Comments and Suggestions for Authors

The proposed work targets spine segmentation in CT images, particularly the limitations of convolutional neural networks in capturing global contextual information. While the vision transformer addresses this, it lacks specificity in distinguishing vertebrae-related tokens. To alleviate this, the authors present a vertebrae-aware global block to enhance global contextual understanding and improve spine segmentation accuracy. While this is an important challenge to solve, the proposed work has a number of limitations.

1) Authors mention class imbalance - can this be explained in more detail, especially since the vertebrae still take up a large region in the images.

2) Can the authors explain how exactly do they resolve the class imbalance using the combination of dice and cross-entropy; while it shows that it helps, it is not always evident for applications such as spine segmentation, where the class imbalance is different compared to segmenting small lesions of few pixels and especially when combined with newer models like a transformer; moreover, how did the authors decide on the weighting of the losses.

3) Have the authors considered working with 3D patches, especially given the nature of CT images and the uniform spacing? CNNs employed on 3D images show a better capability to make use of the depth information - it would be interesting to see whether the proposed approach could be improved.

4) Can the authors explain the choice of data augmentation techniques? More details need to be included on how often the augmentations are performed, what level of Gaussian noise is applied (mean and standard deviation), what does “adding contrasts” mean, etc. Moreover, why did the authors not use any spatial augmentations, such as affine or elastic transforms - these are shown to be important for data variation if employed properly.

5) Why did the authors opt for cross-validation?

6) The authors report two overlap-based scores - it would be highly beneficial to report a boundary-based metric, such as the Hausdorff distance, especially in comparison to the 95th percentile of the Hausdorff distance that also outlines large errors and outliers.

7) The comparison of the proposed work in 2D to 3D methods may not be completely fair - it is strongly recommended to study the performance of the approach in 3D as well.

8) More detail on training and fine-tuning of all the other models compared should be provided. If the optimization is not optimal, the comparison could be unfair, even if all parameters are kept the same. The main issue is that there are quite substantial differences between different architectures and some may require certain parameters to be set to higher values in order to achieve optimal results.
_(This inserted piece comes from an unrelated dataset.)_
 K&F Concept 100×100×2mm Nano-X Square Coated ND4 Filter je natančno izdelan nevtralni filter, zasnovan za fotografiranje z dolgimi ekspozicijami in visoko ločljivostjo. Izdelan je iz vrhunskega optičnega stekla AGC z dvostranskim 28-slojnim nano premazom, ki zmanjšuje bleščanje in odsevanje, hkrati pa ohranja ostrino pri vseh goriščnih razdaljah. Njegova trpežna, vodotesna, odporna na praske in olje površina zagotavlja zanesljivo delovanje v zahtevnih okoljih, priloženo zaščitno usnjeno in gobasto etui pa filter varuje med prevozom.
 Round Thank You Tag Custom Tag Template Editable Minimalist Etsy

9) The authors should provide standard deviation/variance in addition to all of the mean scores reported. Some values are too close to each other and it is not entirely evident where do the significant improvements that are claimed come from.
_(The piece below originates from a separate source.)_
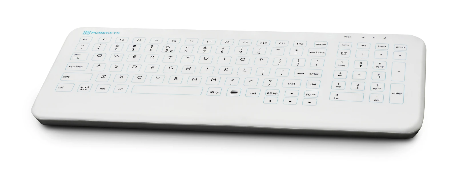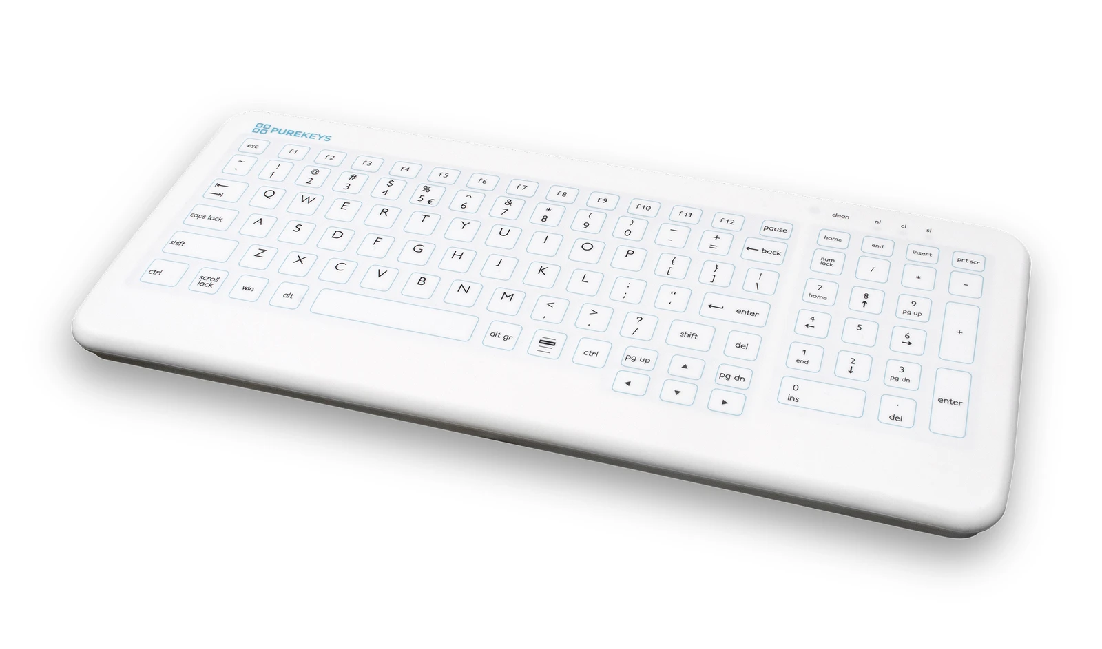 All Purekeys medical keyboards combine a completely flat top with the tactile feedback of a normal keyboard.

10) The authors should provide a visual comparison of the results with other networks tested and compared against - basically, expand Figure 4.

11) In line with the previous comment, it is not entirely clear where the improvement comes from - a deeper analysis and understanding of which vertebrae under-perform or are improved is needed. Would be also beneficial to inspect the improvement per vertebrae separately, since separate classes are already available.
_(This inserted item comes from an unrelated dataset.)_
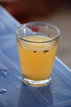 冷めないよう、お湯入りのコップの中にグラスを沈めてある。

12) Can the authors comment on the effects of their methods vs others on variation in resolution and size of the vertebrae? Figure 3 indicates that there might be significant differences within the data and it might actually be the case that the improvements reported in the results come from the proposed method being able to handle that (especially since it is patch-based) compared to other methods.

13) Can the authors comment on the generalization capabilities of their method? What happens if the method is trained on a dataset collected at 1 center and employed on the dataset from another center/study?

14) Section 4.1, “adding contrasts” repeated twice

 

 

Comments on the Quality of English Language

Well written, minor editing needed for repetition.

Author Response

Comment 1: Authors mention class imbalance - can this be explained in more detail, especially since the vertebrae still take up a large region in the images.

Response 1: our model is a 2D model, and it will take 2D patches as input. In some patchs, the vertebrae will only take a small region in the images. However, to avoid misunderstanding, we have removed all text related to “class imbalance” from our manuscript.

Comment 2: Can the authors explain how exactly do they resolve the class imbalance using the combination of dice and cross-entropy; while it shows that it helps, it is not always evident for applications such as spine segmentation, where the class imbalance is different compared to segmenting small lesions of few pixels and especially when combined with newer models like a transformer; moreover, how did the authors decide on the weighting of the losses.

Response 2: Dice loss is insensitive to class imbalance, so we resolved the class imbalance by seting a lager parameter for Dice loss than the cross entropy loss. As we mentioned, to avoid misunderstanding, we have removed all text related to “class imbalance” from our manuscript. We used the grid search technique to decide the weighting of the losses. We started from an initial weight for losses that were used in our paper, and then we used the grid search to find the optimal parameters in our experiment.  We have updated details about the optimal weighting in the Section 3.3 Loss Function.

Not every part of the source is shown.